Here’s the poem… It’s a little schmaltzy, its not Tennyson or Byron or Keats, but it gets the job done.
Splinter from the Cross
Little headaches, little heartaches
Little griefs of every day.
Little trials and vexations,
How they throng around our way!
One great cross, immense and heavy,
so it seems to our weak will,
Might be borne with resignation,
But these many small ones kill.
Yet all life is formed of small things,
Little leaves, make up the trees,
Many tiny drops of water
Blending, make the mighty seas.
Let us not then by impatience
Mar the beauty of the whole,
But for love of Jesus bear all
In the silence of our soul.
Asking Him for grace sufficient
To sustain us through each loss,
And to treasure each small offering
As a splinter from His Cross.– Author Unknown –
While I love the spiritual life, the truth is, the more I know, the more I don’t know. Another way to say it is, the closer I come to Christ, the more I’m stripped down to the basics more and more.

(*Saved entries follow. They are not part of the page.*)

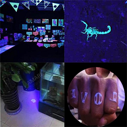 Widely application: 1.)fluoresce dried urine, odor of dogs cats small animals on carpets, stains, food stains; 2.)test authenticate currency, passports etc; 3.)promote plant growth; 4.)induce and kill insect; 5.)night fishing: fishes have Photo taxis, violet color is best used for lighting the float on the night while don't disturb the fish; 6.)creat amazing atmosphere: do a great job with UV body paints & fluorescents at party, DJ, stage, gallery, Halloween etc.
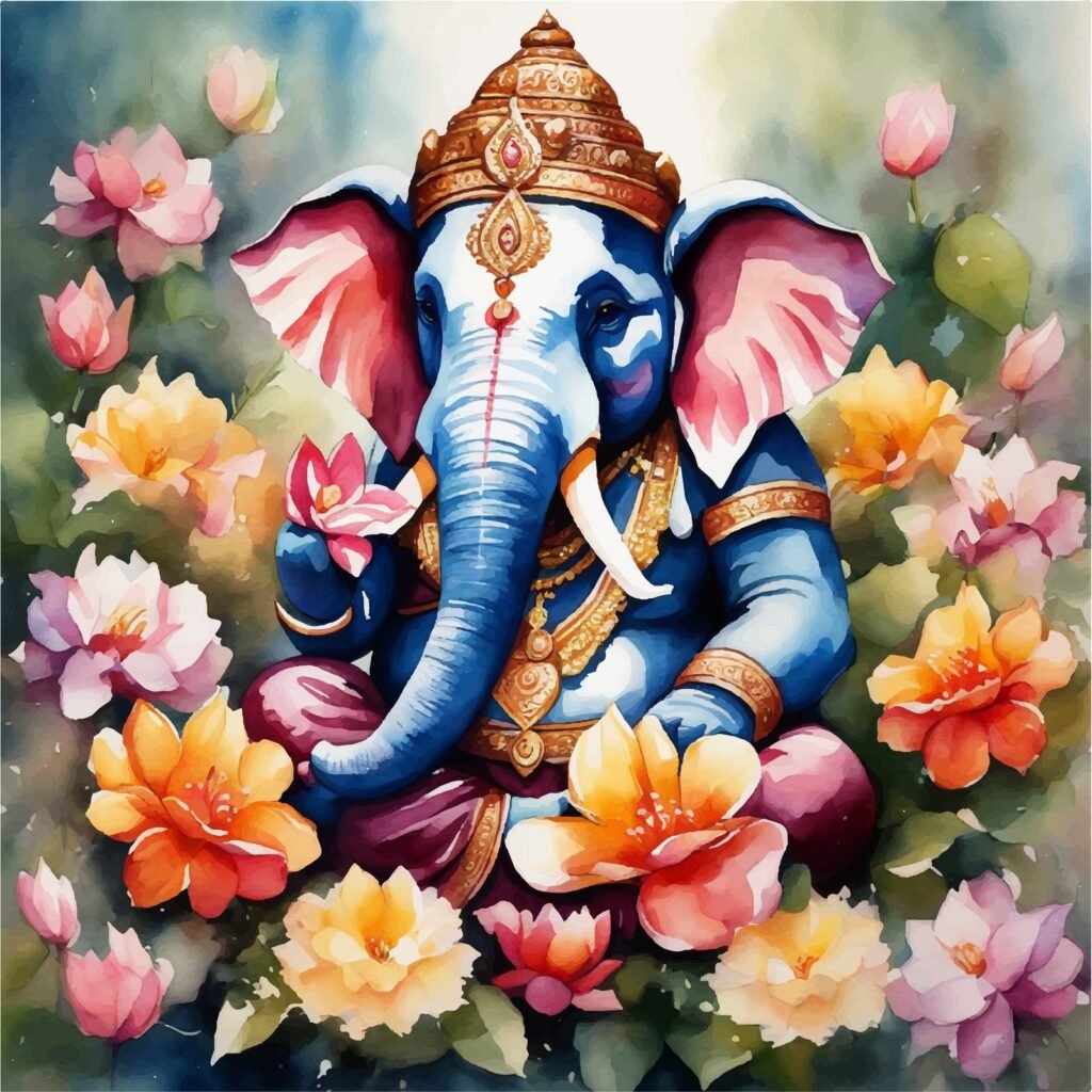 Introduction: In Hindu culture, Lord Ganesha holds a revered place as the remover of obstacles and the god of beginnings. Depicted with the head of an elephant and a portly human body, Ganesha’s imagery is rich with symbolism and meaning. This painting seeks to capture the essence of Ganesha’s divine presence and the blessings he bestows upon his devotees.
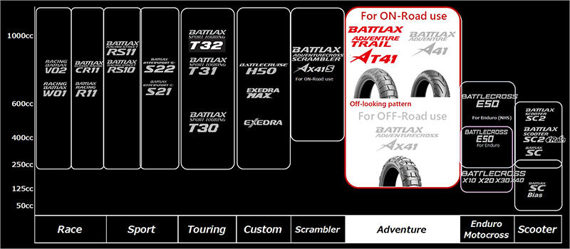 「BATTLAX」は、1983年の誕生以来、ライダーの皆様の様々なバイクライフを支える、ブリヂストンを代表する2輪車用タイヤブランドです。今回発売する新商品「BATTLAX ADVENTURE TRAIL AT41」は、アドベンチャー系バイクとのマッチングに配慮した、ブリヂストンの新しいアドベンチャーカテゴリーのタイヤです。オンロードタイヤでありながらもオフロードタイヤのような特徴的な見た目となっています。

The call to holiness for me often comes down to dealing with these little trials each day… little headaches, heartaches, and vexations.
Isn’t that just a lovely way of describing the things that really piss me off?
I’ve had a quick temper my whole life. And learning to not fly off the handle, forgive the archaic cliché, has been one of my biggest life lessons. If there has been one consistent area of sin for me, it has been that. Trying to tame the tongue that goes with it has also been a challenge.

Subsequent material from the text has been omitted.